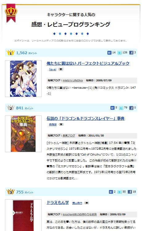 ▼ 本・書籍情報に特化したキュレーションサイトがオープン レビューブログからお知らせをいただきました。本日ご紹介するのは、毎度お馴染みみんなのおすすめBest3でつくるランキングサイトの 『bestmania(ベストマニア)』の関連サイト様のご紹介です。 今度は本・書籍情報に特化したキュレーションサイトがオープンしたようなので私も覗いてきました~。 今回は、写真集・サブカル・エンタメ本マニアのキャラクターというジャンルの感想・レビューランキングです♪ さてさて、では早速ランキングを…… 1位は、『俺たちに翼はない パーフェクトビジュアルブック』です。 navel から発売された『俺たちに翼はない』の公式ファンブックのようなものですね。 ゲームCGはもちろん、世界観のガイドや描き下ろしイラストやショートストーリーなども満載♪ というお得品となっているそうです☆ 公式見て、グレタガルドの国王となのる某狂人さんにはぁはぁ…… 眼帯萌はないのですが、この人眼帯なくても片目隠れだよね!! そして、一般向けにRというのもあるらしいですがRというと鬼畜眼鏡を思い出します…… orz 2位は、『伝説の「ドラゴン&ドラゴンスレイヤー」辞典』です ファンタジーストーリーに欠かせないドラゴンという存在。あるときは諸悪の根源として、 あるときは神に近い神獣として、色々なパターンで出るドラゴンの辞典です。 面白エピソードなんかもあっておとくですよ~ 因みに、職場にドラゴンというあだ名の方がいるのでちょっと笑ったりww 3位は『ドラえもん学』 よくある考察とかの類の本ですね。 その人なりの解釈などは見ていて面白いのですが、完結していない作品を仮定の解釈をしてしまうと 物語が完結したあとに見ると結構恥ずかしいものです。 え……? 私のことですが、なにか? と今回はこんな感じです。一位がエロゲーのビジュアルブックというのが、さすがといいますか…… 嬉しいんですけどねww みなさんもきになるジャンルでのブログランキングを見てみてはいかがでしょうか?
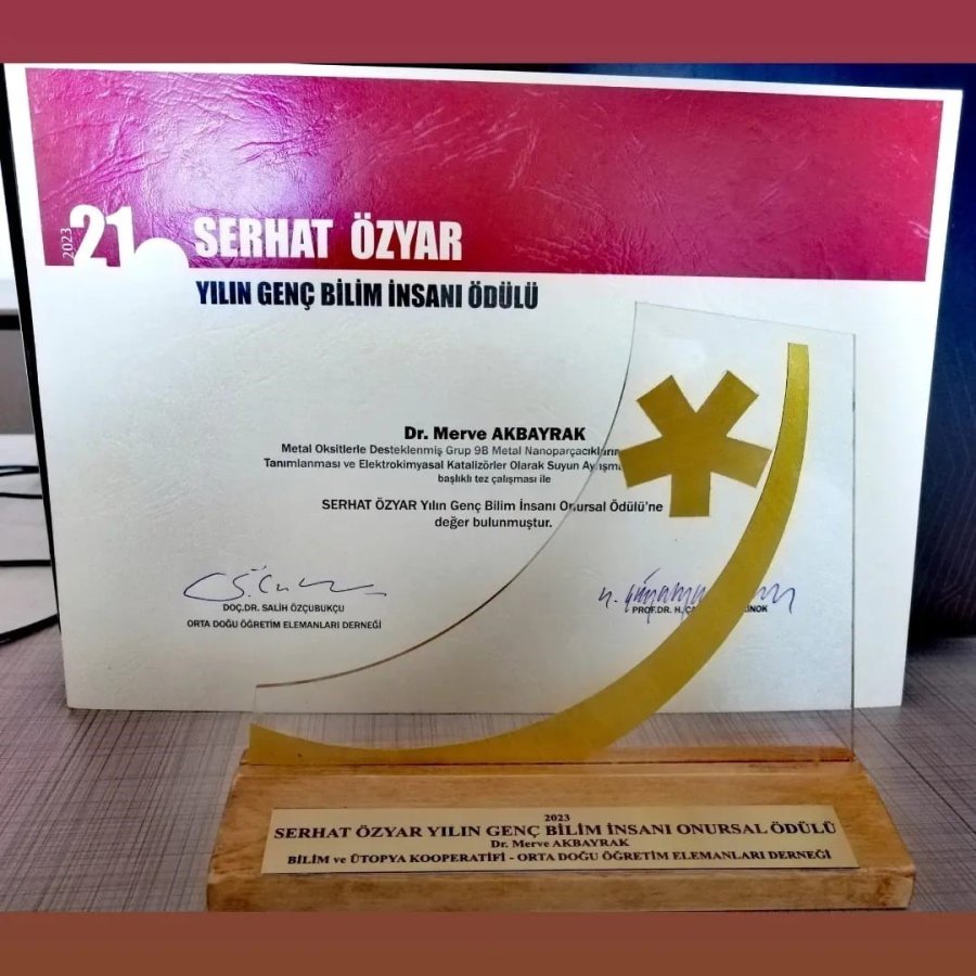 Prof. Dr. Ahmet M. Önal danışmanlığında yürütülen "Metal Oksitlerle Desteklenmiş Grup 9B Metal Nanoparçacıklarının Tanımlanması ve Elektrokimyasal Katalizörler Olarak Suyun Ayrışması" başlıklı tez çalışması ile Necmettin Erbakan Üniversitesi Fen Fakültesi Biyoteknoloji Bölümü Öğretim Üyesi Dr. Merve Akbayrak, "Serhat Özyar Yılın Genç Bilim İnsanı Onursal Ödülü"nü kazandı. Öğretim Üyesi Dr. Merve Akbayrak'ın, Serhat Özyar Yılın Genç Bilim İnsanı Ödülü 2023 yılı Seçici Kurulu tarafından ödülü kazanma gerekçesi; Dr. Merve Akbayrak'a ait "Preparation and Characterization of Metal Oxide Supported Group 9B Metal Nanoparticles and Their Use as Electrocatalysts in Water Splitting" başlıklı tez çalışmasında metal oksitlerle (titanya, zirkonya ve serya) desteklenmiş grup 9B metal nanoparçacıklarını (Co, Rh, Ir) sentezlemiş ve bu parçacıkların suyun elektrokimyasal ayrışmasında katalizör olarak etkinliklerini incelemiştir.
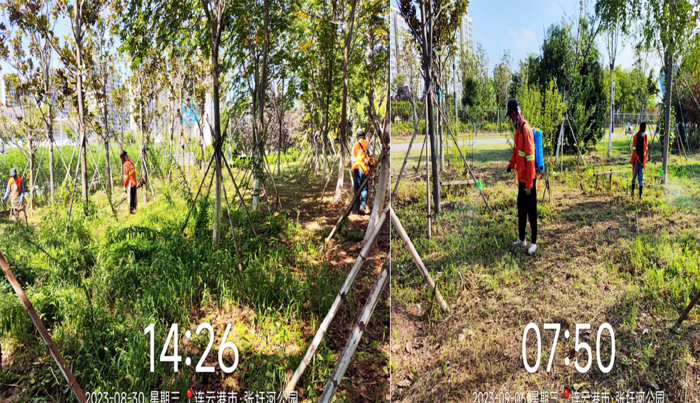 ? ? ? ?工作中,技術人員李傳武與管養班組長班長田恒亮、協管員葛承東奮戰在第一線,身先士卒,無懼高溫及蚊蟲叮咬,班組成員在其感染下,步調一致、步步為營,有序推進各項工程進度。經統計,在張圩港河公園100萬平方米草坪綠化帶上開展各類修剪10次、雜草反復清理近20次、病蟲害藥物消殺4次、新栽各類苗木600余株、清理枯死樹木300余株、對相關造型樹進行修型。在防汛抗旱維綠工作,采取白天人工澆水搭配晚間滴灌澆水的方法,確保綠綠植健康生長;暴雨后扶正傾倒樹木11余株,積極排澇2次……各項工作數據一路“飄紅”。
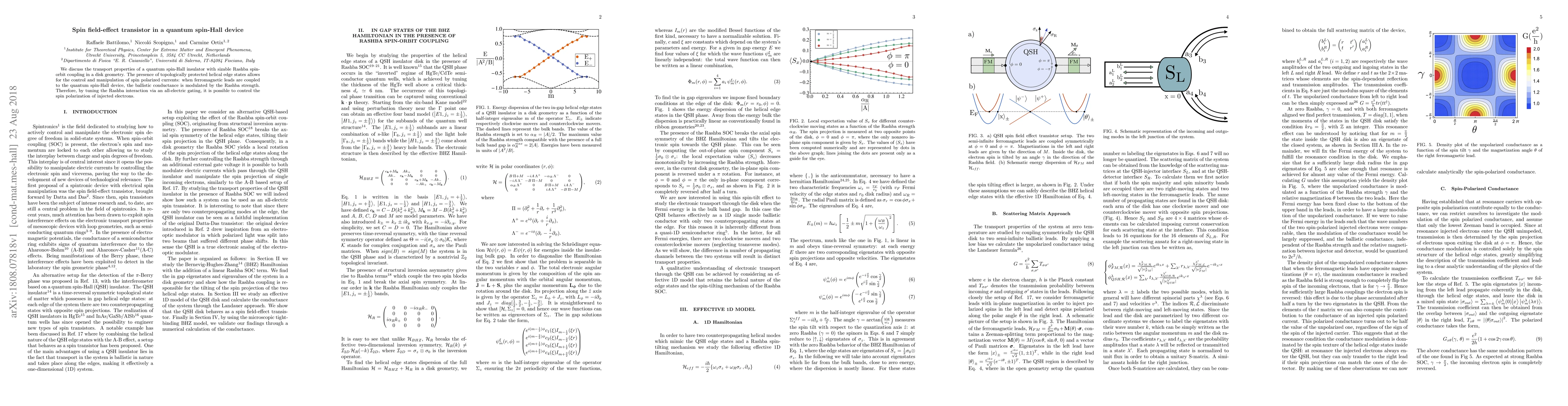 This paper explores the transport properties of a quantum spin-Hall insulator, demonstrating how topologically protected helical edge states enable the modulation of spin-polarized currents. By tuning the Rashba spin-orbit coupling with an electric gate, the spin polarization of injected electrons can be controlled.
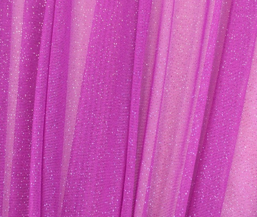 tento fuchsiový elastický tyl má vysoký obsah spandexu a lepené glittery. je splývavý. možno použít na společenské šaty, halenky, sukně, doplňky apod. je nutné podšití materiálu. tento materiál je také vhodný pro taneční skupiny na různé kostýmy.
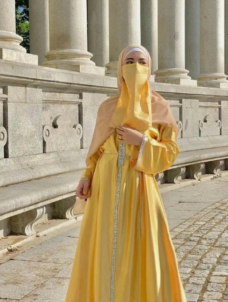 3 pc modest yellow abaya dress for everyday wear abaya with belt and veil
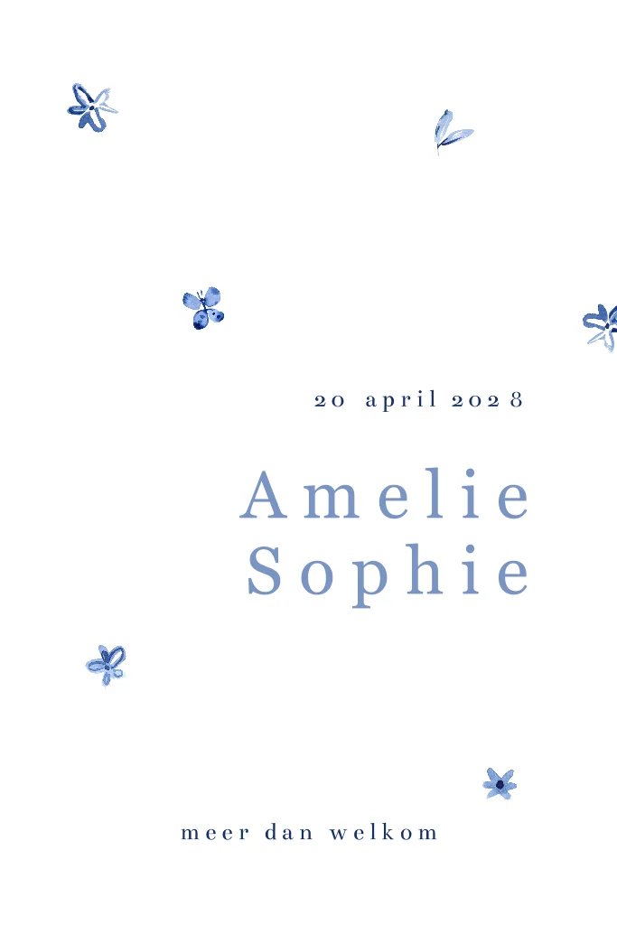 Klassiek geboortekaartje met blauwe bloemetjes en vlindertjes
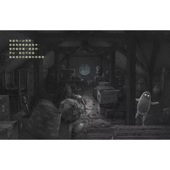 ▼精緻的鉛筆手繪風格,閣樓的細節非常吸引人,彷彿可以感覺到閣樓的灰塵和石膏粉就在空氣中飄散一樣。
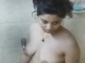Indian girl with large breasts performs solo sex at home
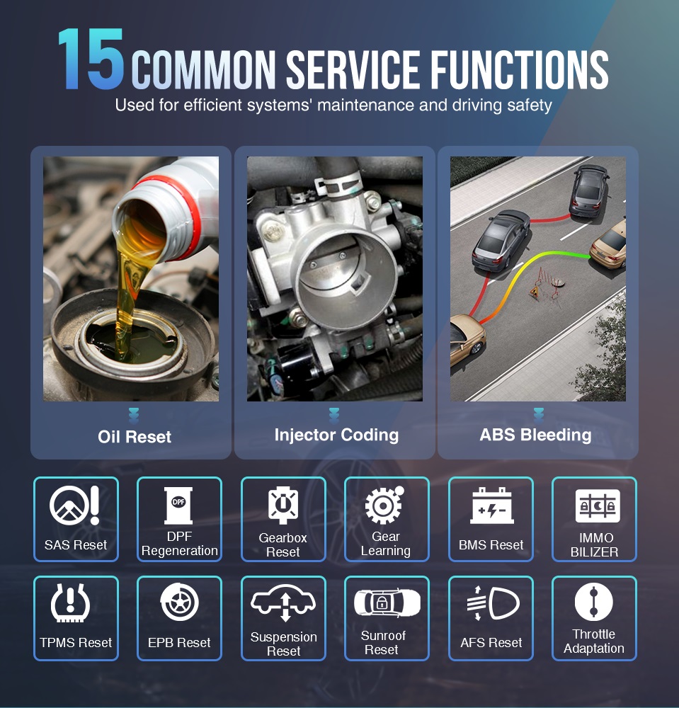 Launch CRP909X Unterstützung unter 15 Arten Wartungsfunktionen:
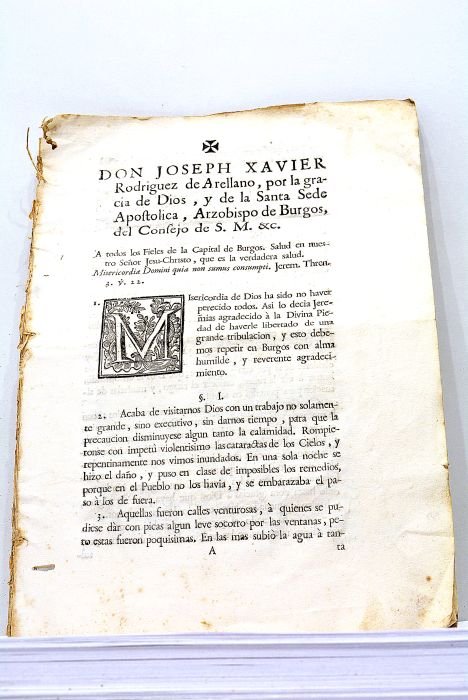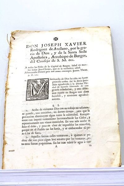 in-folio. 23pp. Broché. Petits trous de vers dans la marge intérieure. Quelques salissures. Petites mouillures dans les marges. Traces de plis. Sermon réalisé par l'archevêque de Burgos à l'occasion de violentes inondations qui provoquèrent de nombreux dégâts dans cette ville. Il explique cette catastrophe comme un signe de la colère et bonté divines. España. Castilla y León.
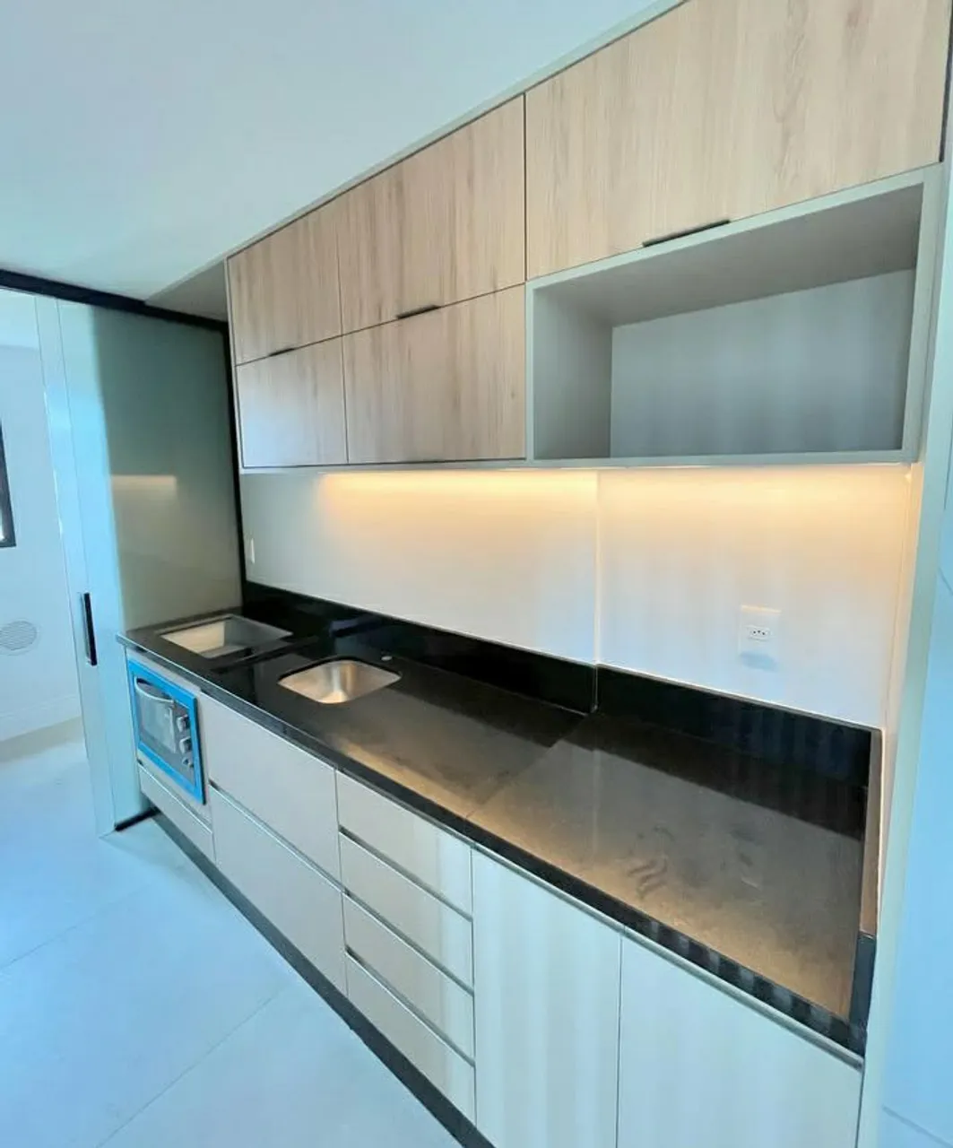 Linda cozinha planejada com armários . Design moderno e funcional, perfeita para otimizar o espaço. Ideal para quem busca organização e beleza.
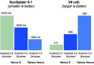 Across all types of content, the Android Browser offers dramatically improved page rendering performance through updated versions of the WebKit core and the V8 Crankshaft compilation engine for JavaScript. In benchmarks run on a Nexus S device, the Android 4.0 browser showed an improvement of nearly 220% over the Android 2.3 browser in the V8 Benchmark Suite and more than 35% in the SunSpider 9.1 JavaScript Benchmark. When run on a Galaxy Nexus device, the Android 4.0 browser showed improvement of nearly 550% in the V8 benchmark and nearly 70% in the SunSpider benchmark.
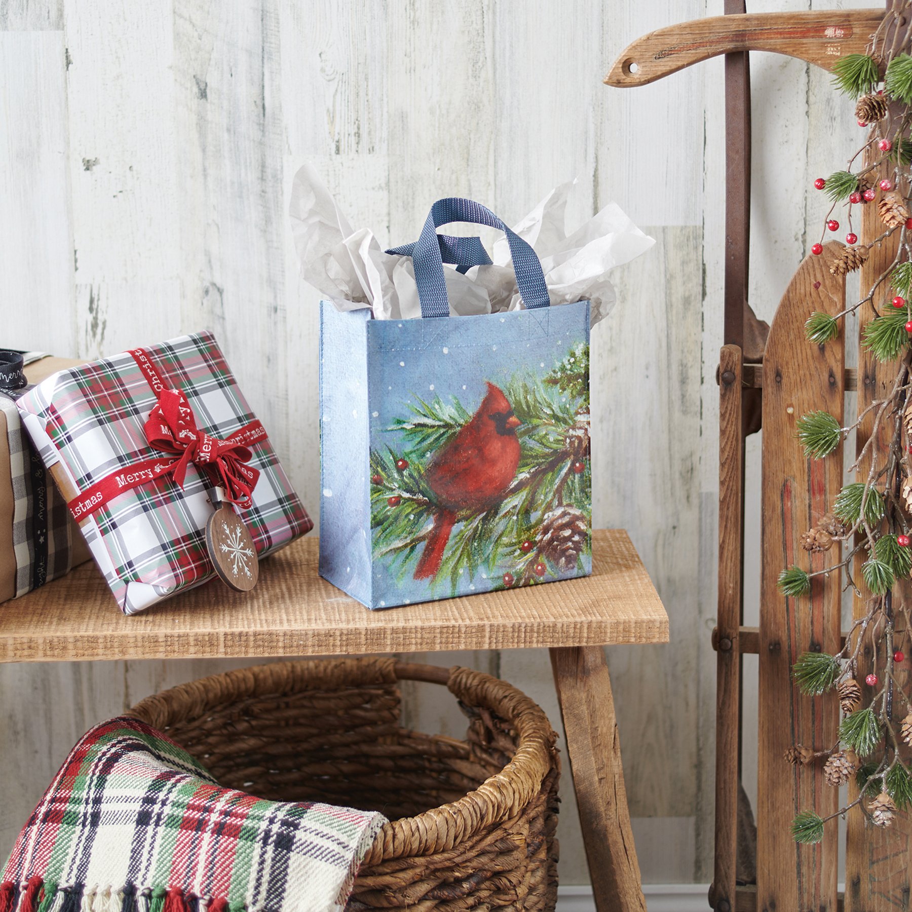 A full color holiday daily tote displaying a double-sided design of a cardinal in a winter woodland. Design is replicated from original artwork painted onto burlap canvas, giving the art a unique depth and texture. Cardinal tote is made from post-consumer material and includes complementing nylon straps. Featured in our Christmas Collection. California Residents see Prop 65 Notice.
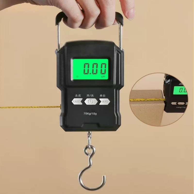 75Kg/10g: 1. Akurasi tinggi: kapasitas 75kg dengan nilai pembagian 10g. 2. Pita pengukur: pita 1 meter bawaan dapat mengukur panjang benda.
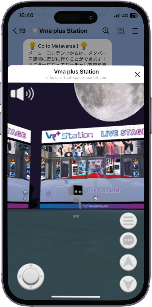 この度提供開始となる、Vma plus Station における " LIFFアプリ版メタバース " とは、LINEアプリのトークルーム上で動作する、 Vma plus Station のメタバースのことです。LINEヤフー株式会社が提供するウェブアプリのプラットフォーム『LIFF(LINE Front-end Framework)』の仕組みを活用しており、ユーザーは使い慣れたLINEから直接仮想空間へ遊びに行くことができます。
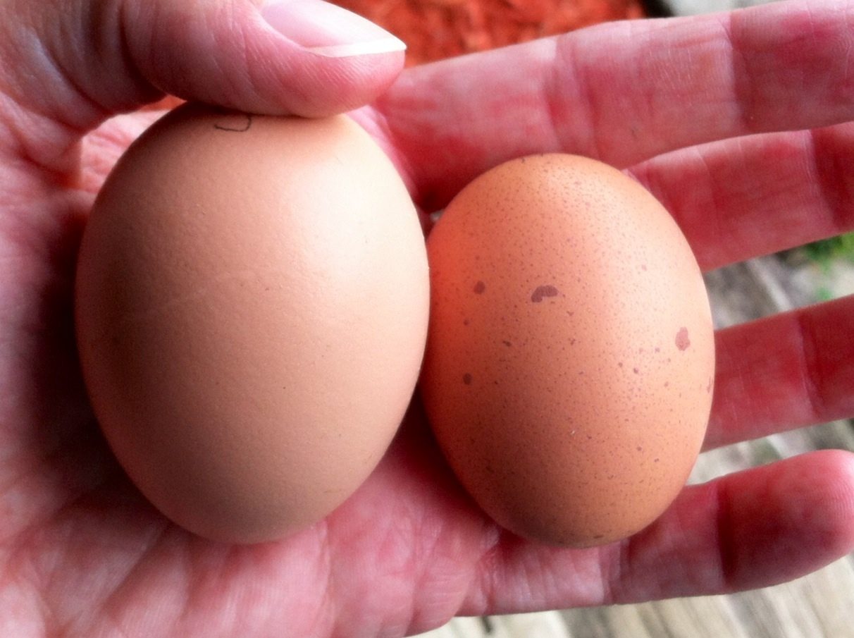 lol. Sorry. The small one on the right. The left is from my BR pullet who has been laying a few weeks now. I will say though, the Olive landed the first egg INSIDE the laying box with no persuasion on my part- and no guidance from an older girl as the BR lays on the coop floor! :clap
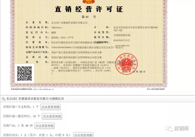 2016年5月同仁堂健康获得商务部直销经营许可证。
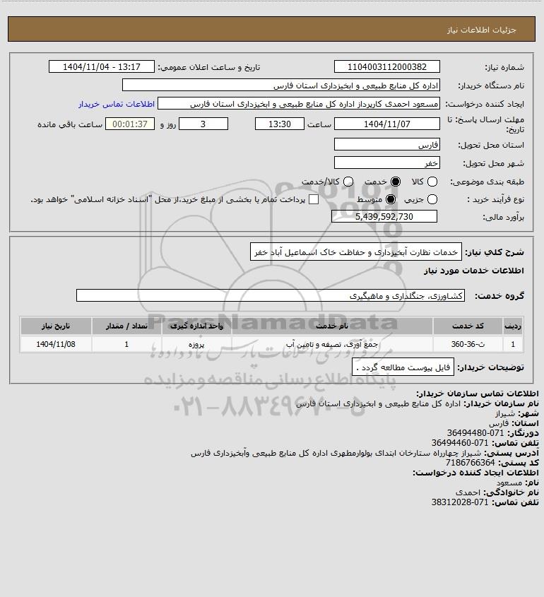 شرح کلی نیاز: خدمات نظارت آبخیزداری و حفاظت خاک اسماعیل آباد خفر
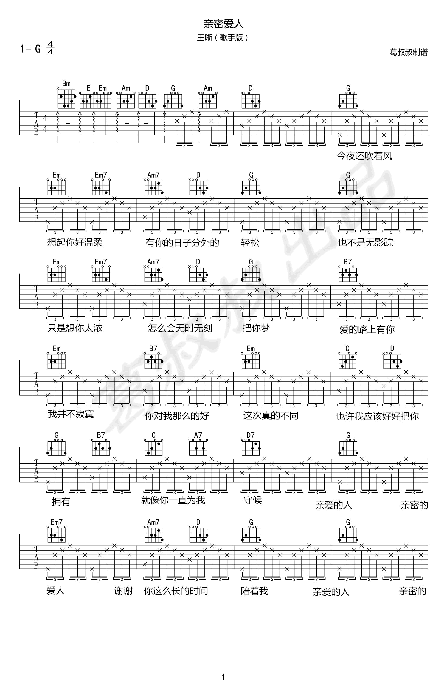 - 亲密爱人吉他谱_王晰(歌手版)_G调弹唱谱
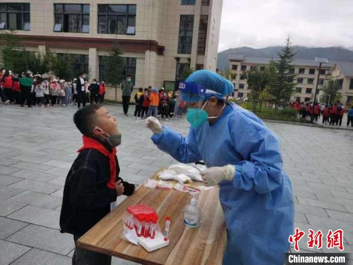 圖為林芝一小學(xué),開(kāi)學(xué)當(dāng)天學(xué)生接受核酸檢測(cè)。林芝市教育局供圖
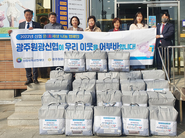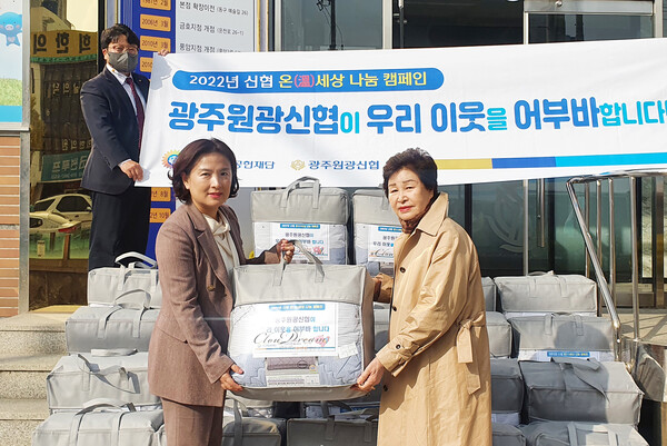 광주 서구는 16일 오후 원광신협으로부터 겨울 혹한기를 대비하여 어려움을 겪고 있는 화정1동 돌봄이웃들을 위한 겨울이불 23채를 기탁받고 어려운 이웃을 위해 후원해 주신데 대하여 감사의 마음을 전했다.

**What you should do**
All that is required is the lines from the line containing "lol. Sorry. The" through the end of the records above, copied exactly, and none of the pictures.

**Reply to the exercise**
 lol. Sorry. The small one on the right. The left is from my BR pullet who has been laying a few weeks now. I will say though, the Olive landed the first egg INSIDE the laying box with no persuasion on my part- and no guidance from an older girl as the BR lays on the coop floor! :clap
 2016年5月同仁堂健康获得商务部直销经营许可证。
 شرح کلی نیاز: خدمات نظارت آبخیزداری و حفاظت خاک اسماعیل آباد خفر
 - 亲密爱人吉他谱_王晰(歌手版)_G调弹唱谱
 圖為林芝一小學(xué),開(kāi)學(xué)當(dāng)天學(xué)生接受核酸檢測(cè)。林芝市教育局供圖
 광주 서구는 16일 오후 원광신협으로부터 겨울 혹한기를 대비하여 어려움을 겪고 있는 화정1동 돌봄이웃들을 위한 겨울이불 23채를 기탁받고 어려운 이웃을 위해 후원해 주신데 대하여 감사의 마음을 전했다.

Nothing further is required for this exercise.